Patience
Patience is a virtue is a Proverb quote. What does that really mean in education? The Association for Middle-Level Education (AMLE) has an article titled Patient and Tenacious Teaching by Rick Wormeli https://www.amle.org/patient-and-tenacious-teaching/#:~:text=Patience%20to%20Build%20Prior%20Knowledge,to%20something%20already%20in%20storage. States that patience is the most powerful tool with have. It is difficult to use patience in a classroom that is pressurized to accomplish so much in a day and in the year. But as an educator, it is most useful to be patient when students are processing information.
Just google patience in education and the search comes over 1 billion results. So, it is important in education. Why do we have a difficult time implementing it? I think the short answer is that it is hard. When you know you only have 30 minutes to accomplish the lesson, you focus on the parts the students need to know. You don’t have time to be patient for each and every child to process all the components. You can’t hold up the whole class because a few children needed more time. You figure you will come back so those children can understand that procedure. In our curricula, it spirals back for those particular reasons. If a child did not get the skill the first time it will come up throughout the year so, he/she will get it by the end of the year. Many times, for students it does not work that way in how they process information. Everyone processes information differently and we need to be patient with each one. We need to allow them the time to process.
We must have patience and allow the students the time to process. Many times, it is called “Think time” or “wait time”. But how many times we are using those techniques for a student and other students get frustrated? The situation that happens usually is another child is frustrated by waiting and someone shouts out the answer. Or the teacher says do you want some help? Of course, the child will say yes to get out from under peer pressure. Or they answer quickly, and the teacher says that is not correct. Most definitely in the classroom, we are not patient and the faster is better. But is it really learning?
Patience teaches us how to be respectful to others. It lowers the pressure in the classroom. It also lowers the stress that when a question is asked every student has to have the answer right away. How do we create patience when teaching?

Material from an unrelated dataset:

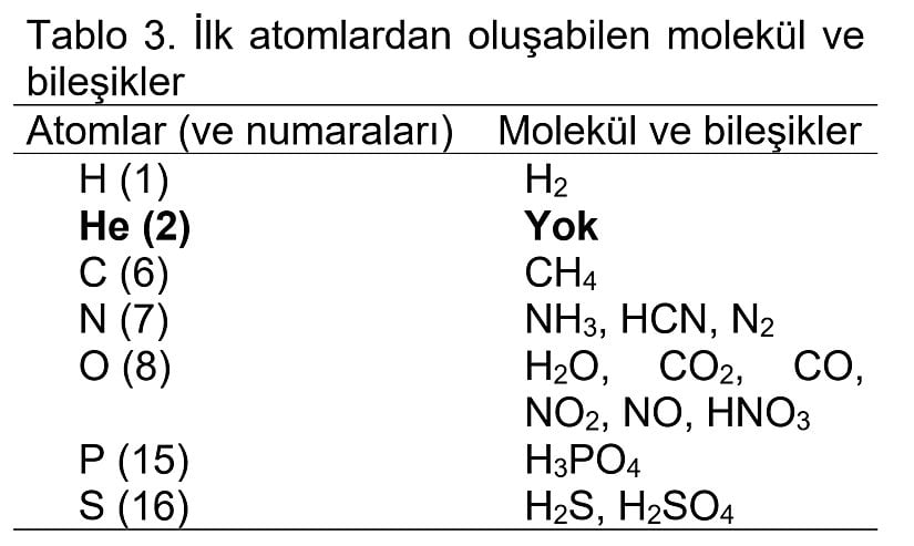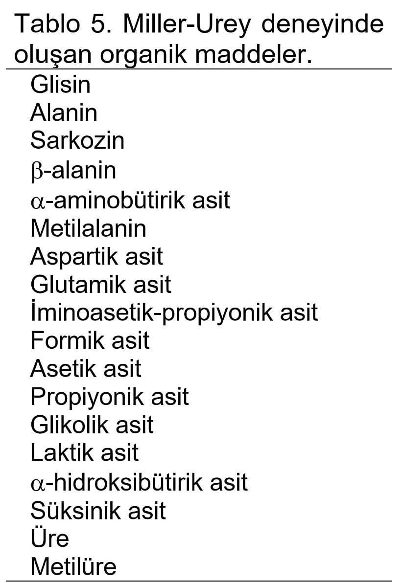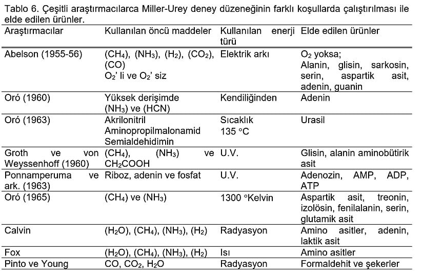 Miller ve Urey deneyi daha sonraki yıllarda birçok kereler ve çok değişik koşullarda yinelenir ve her deney sonunda çok çeşitli tipte organik ve inorganik yapıda basit bileşiğin oluştuğu saptanır. Bunlar içinde, çeşitli aldehitler (örneğin adenin ve urasil’in öncülü formaldehit de bunlar arasındadır), hidrojen siyanid, amino asitler (işlem sırasında canlının yapısında bulunmayan “D” amino asit izomerleri de sentezlenir), çeşitli nükleotidler (adenin bazı kolaylıkla oluşmaktadır), tioesterler, porfirinler ve yağ asitleri yer alır (Tablo 6). Glisin ve alanin gibi en basit yapılı amino asitlerin sentez edilmesi, buna karşılık lisin gibi sentezi zor olanların oluşan ürünler arasında yer almaması sürecin kimyasal kurallara uygun şekilde işlediğini gösterir. Fakat tüm bu maddelerin ancak ve ancak oksijen yokluğunda oluşabildiğini anımsatmak gerekir.

There are many ideas on the web, but the top three encourage patience. Listening, accepting, and waiting. In our classrooms, we need to be expert listeners on so many levels. We need to listen to what the child is really saying and understand. So, then we are able to plan appropriately for him/her. We need to accept each and everyone in the classroom. We need to really show that each child is cared for and loved. Even the difficult ones. We need to be patient and wait for the child to process the information on his/her timeline, not ours.
If we can listen more intently, accept everyone in our classroom, and wait patiently for children to process we will have academically successful children. It takes practice to be patient, but it has so many rewards. Patience is a virtue even in our classrooms.